PULLMAN, Wash. — The Northwest Power Planning Council has appointed Ken Casavant, Washington State University transportation economist, to the Independent Economic Analysis Board, a panel created last year by the council to improve cost analysis of fish and wildlife recovery measures.

Casavant, a member of the council from 1994 until April of this year, will replace Emery Castle, a professor emeritus of economics at Oregon State University, who resigned from the panel.

The Independent Economic Analysis Board conducts annual reviews of measures proposed for funding by the Bonneville Power Administration through the Council’s Columbia River Basin Fish and Wildlife Program. The panel offers economic advice on other fish, wildlife and energy issues as the council requests.

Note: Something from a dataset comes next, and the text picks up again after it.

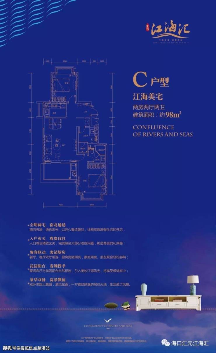 98~172㎡低密揽景洋房,稀度臻藏,方正实用,飘窗尽纳自然风光,朝南而生阳光挥洒,实现户户有江景,露台花园,将居住空间向风景无限延伸,江海双享,诠释热带度假新生活。
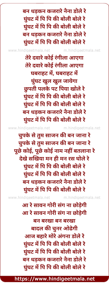 Lyrics of Ban Dhadkan Kajrare Naina Dole Re - बन धड़कन कजरारे नैना डोले रे

“Dr. Casavant is a regionally recognized expert in transportation economics,” said Council Chairman John Etchart of Montana.  “He is the director of the nationally recognized Eastern Washington Intermodal Transportation Study at Washington State University.

“Impacts on navigation and the costs of alternative transportation are key issues for the future, particularly regarding the four dams on the lower Snake River.

“The IEAB did not have an expert in transportation economics.  Dr. Casavant already understands the issues that the region and the council will address in the future and he will not face a learning curve as the other potential new IEAB members would have.”

In June, the council asked the IEAB to recommend economists to take Castle’s place.  Casavant was the highest-rated nominee, Etchart said.

Casavant earned his doctorate in marketing and transportation at WSU in 1971 and has been a faculty member of WSU’s agricultural economics department since 1970.  He served part-time as associate director of the Washington State Transportation Center from 1984-87.

Earlier this year Casavant served as interim vice provost for academic affairs and interim vice provost for research at WSU before beginning a one-year sabbatical in North Dakota in August.